Microsoft has fully overhauled its MSN portal to make it more deeply integrated with its other services. Alongside this, it will also be introducing a rebrand of its Bing mobile apps for Windows Phone, iOS and Android.
Announced today, the beta portal brings a much cleaner design with the aim of making it more useful for users; it also brings with it deeper integration of Microsoft services, touch optimization and a responsive design that resizes according to screen/device size.
News (and other content – videos, how-tos, features etc.) won’t be produced in-house anymore, instead, Microsoft has more than 1,000 partners on board to deliver content on a range of topics for a global audience. Behind it all though is a push to maximize its MSN and Bing’s potential – until now they existed pretty much separately, but the beta now ties the two together.
In short, MSN wants to be your new home page, your daily go-to for anything you desire.
Want to add your Microsoft Health + Fitness information directly in the MSN portal? No problem. Want to search and book flights or hotels? Easy. Short on ideas for dinner? The Food + Drink section’s recipe section with integrated shopping lists can probably help you out.
“It’s a strong change in content direction for us, it’s a merging of Bing apps and the MSN website… It’s being mobile-first and cloud-first, as we are,” Steve Lynas, regional director of MSN, told us.
One-stop-shop
It’s this vision of a one-stop-shop that ties together devices, services and content that Microsoft is really aiming at.
These seamless cross-platform vision is facilitated by your Microsoft ID, provided you log in. If you do, all your changes and preferences are instantly synced across your different devices – you won’t need to enter that workout into Health + Fitness more than once, and you can view your daily data each morning on your desktop dashboard, if you want.
“It’s about cleanliness, balance, information – but it’s significantly about making life easier,” Lynas added.
To reflect the magnitude of the changes and bring the branding in line, Microsoft’s Bing mobile apps for iOS and Android will be revamped and rebranded ‘MSN’ over the coming months.

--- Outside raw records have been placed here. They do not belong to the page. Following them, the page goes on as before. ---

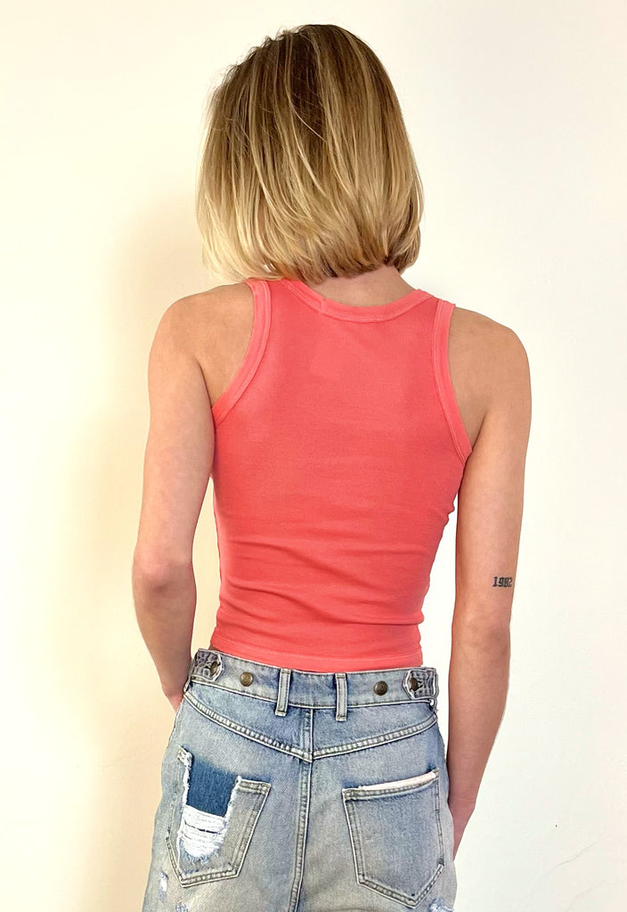 Raw Edge Binded Scoop Neck Tank. The cut edges on the wide binding creates a raw unique look and turns a standard tank into a fashion essential. All seams are sewn with reverse thread for a unique look and adding strength as well. Our DNA Luxe Rib fabric is specialty knitted with our proprietary DNA Spandex for a natural stretch with great recovery which you will not find elsewhere in the marketplace.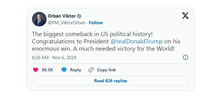 “Najveći povratak u političkoj povijesti SAD-a! Čestitke predsjedniku Donaldu Trumpu na njegovoj ogromnoj pobjedi. Prijeko potrebna pobjeda za svijet”, napisao je na X-u Viktor Orban.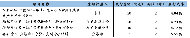 消费金融资产证券化ABS产品发行数量不断增加。近期消费金融资产证券化产品的资金成本通常为4.1%-5.5%之间。我们以资产证券化产品成立公告时的利率进行计算,由于未披露中介费用,考虑实际发行行情,假设券商资管、托管行、律师、会计师、评级机构等的中介费用打包合计年化0.5%。则可知,支付宝花呗、借呗ABS发行成本约为4.21%、4.12%,京东白条ABS发行成本约为4.84%,中银消费金融ABS为浮动利率发行(成本约为3.9%)。但是,考虑到阿里与京东的品牌价值,及其消费金融产品直接涉及消费场景,对下游还款的把控能力与风险管理能力较高(最高优先级评级都为AAA),因此在询价时优势较高,发行成本相对较低。若为非强势原始权益人,则发行成本相对较高,如分期乐的发行成本约为5.55%(尽管优先级同为AAA)。因此,我们认为,持牌类和大型电商类的消费金融ABS类的资金成本为4.1%-5.5%。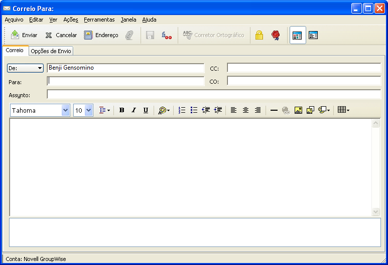 Ao compor uma mensagem no GroupWise, você tem a opção de usar o GroupWise, o OpenOffice.org ou o Microsoft Word como editor. Se você usar o OpenOffice.org ou o Word como editor, a funcionalidade e a formatação do aplicativo estarão disponíveis na janela de edição do GroupWise.
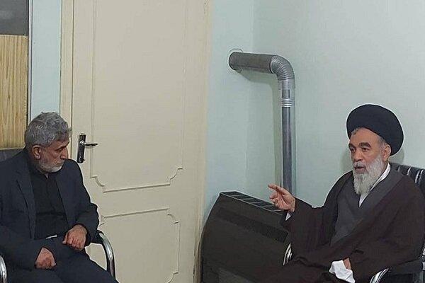 During the meeting, Ayatollah Hossein Khorasani pointed to the salient and significant achievements of IRGC Quds Force in countries such as Syria, Lebanon, Iraq, Yemen and other territories that are part of the Axis of Resistance and called these achievements and progress as a sign of power and authority of the Islamic Establishment of Iran under the wise leadership of the Islamic Revolution Leader Ayatollah Seyyed Ali Khamenei.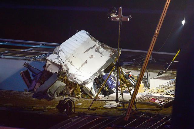 Jól látszik, hogy pl. a korlátok egy kisebb része áll, de a nagyobb része már fekszik. És persze állt a kormányállás is állt, (nyilván azt húzzák be utoljára), amit a híd kvázi megskalpolt, szerencsétlen benne lévőkkel együtt.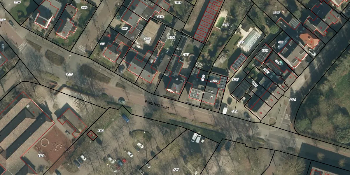 Het perceel waarop Bunderstraat 11 staat heeft een oppervlakte van 516 m². Dit is een groot perceel. De perceeloppervlakte wordt geregistreerd door het Kadaster. Gedetailleerde informatie over de maten van dit perceel kunt u vinden in het rapport Kadastrale kaart met maatvoering van Bunderstraat 11.

The new home page is customizable too – you can create new sections on topics that interest you and arrange them as you want. Again, these changes are mirrored in the relevant mobile apps too, so if you use the Bing Finance module on the MSN homepage, your stock selection changes will show up in the Bing MSN Finance app.
Across the top of the screen, there’s integration with a range of Microsoft services, like Outlook, OneNote, OneDrive and (soon) Skype, as well as popular third-party services like Facebook and Twitter.
MSN UK’s Editor-in-Chief Dominic Eames told TNW that while content won’t be produced in house anymore (it’ll come from the likes of the New York Times, the Guardian, Sky News, Le Monde and the rest of that network of more than 1,000 content partners), there’s still a team of journalists behind the scenes curating the content.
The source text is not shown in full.